印象中,以前当油漆匠时,似乎并没这么枯燥。我记着自己赚到第一笔钱时,便去镇上的供销大楼买了一个日本产的随身听。那时候,我会一天到晚将耳塞塞在耳朵里,听谭咏麟、王杰、张雨生。听得熟了,我还会跟着唱。我唱得很认真,似乎耳塞里的歌声是我嘴里发出的,而手里握着的也不是油刷,而是一个麦克风。那时,我师傅总羡慕我,说我是十六七岁,无心无事。
我想,虽然现在不能像十六七岁一样,再去买个随身听塞到耳朵里,起码也得想办法将时间打发过去。或许,这是我今后一辈子的职业了,没有一个好方法,那么漫长的刷漆生涯该怎么熬过去啊?
于是,我开始试着在刷墙的时候唱歌,但唱了没几句,我就卡住了。我已经太长时间没有唱过那些歌了,似乎它们已经在我记忆里被清除了。很快,我又想到了另一个办法。我不是会念经吗?我可以边念经边打发时间啊。
就这样,刷墙的时候,我开始念楞严咒、念心经。
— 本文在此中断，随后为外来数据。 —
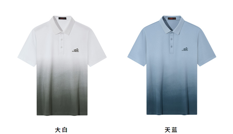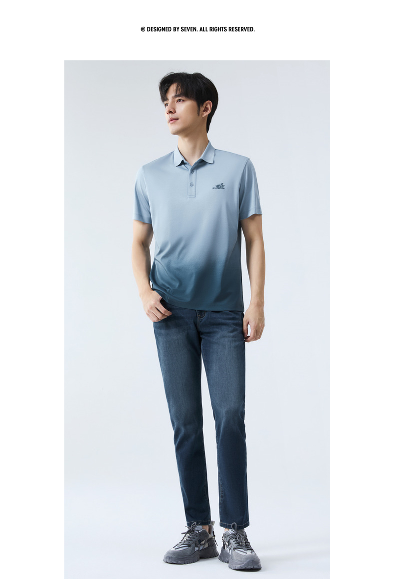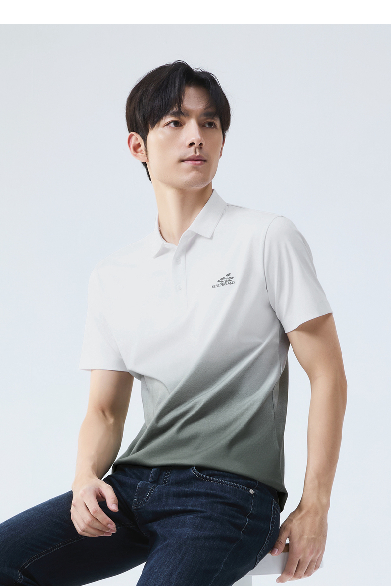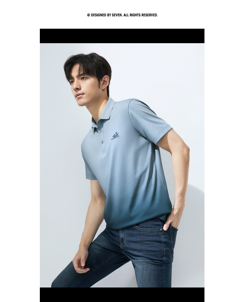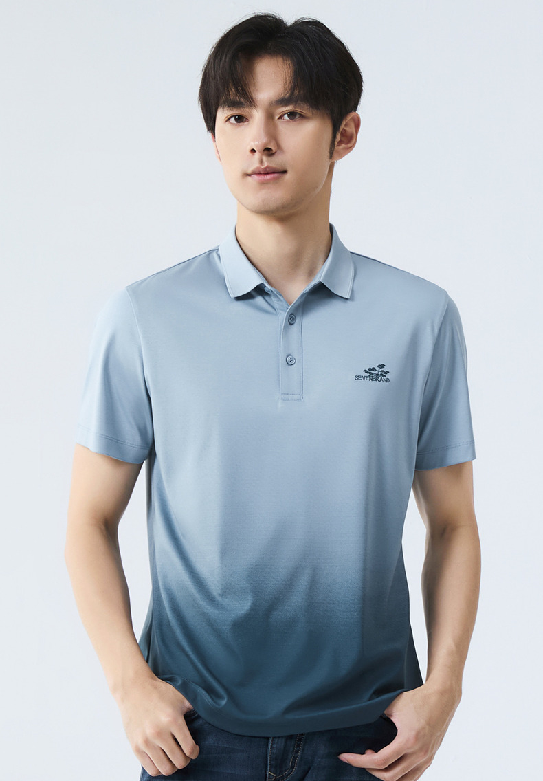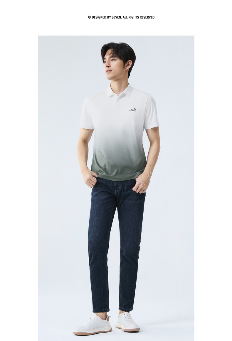 【液氨免烫/国风渐变印花】柒牌纯棉polo短袖男夏季新款翻领上衣

让我觉得意外的是,当那些经文从我口中念出时,墙上的那些腻子似乎也流动了起来,它们不再是涂料,而是作画用的朱砂、石青、藤黄。而我也不是在一个套间的墙上刷油漆,而是躲在一个藏经洞里,画达摩面壁、画鱼篮观音。就这样,我在佛经的诵念声中,变成了一名画师。没有时间,也没有空间,只有我一个人,对着一面墙壁虔诚地作画。
刷完墙,我将铲子放回桶里,然后坐在地上愉快地点了一根香烟。奇怪的是,干了这半天活儿,我却丝毫不觉得累。我用力吸一口烟,又用力吐出来,然后我就眯着眼睛躲在烟雾后面,像欣赏一幅壁画一样地端详着眼前的这面墙。
阿良从另一个房间走了过来,伸手摸了摸墙上的腻子。
方泉,这手艺可一点没落下啊。
我笑笑,这算什么手艺。
可以的,你看这墙面刮的,卡尺卡过一样。哎,对了,你刚才在唱什么啊?
我一愣,我不知道啊,可能随口乱哼的吧。
阿良疑惑地说,我怎么听上去像是在念经啊?
我笑笑,怎么可能,我又不是和尚,怎么会念经?
这一天,从那个小区离开时,我觉得心情特别愉快。我都想不起来自己有多久没有这么愉快轻松的感觉了。我觉得自己就像一个孩子,得到了一件梦寐以求的礼物一般,恨不得向所有人展示我的快乐。
我骑着电瓶车骑过桃源路,骑过兴宁桥,再拐一个弯,刚要骑进出租房附近的那个巷弄时,我突然将车停了下来。看着那个狭窄而又拥挤的巷弄口,我的心情瞬间低沉了下来。我意识到,自己的这种愉快是多么的不堪一击。现在,我要回的那个地方,并没有佛经,也没有菩萨,那里只是一间普通得不能再普通的出租房。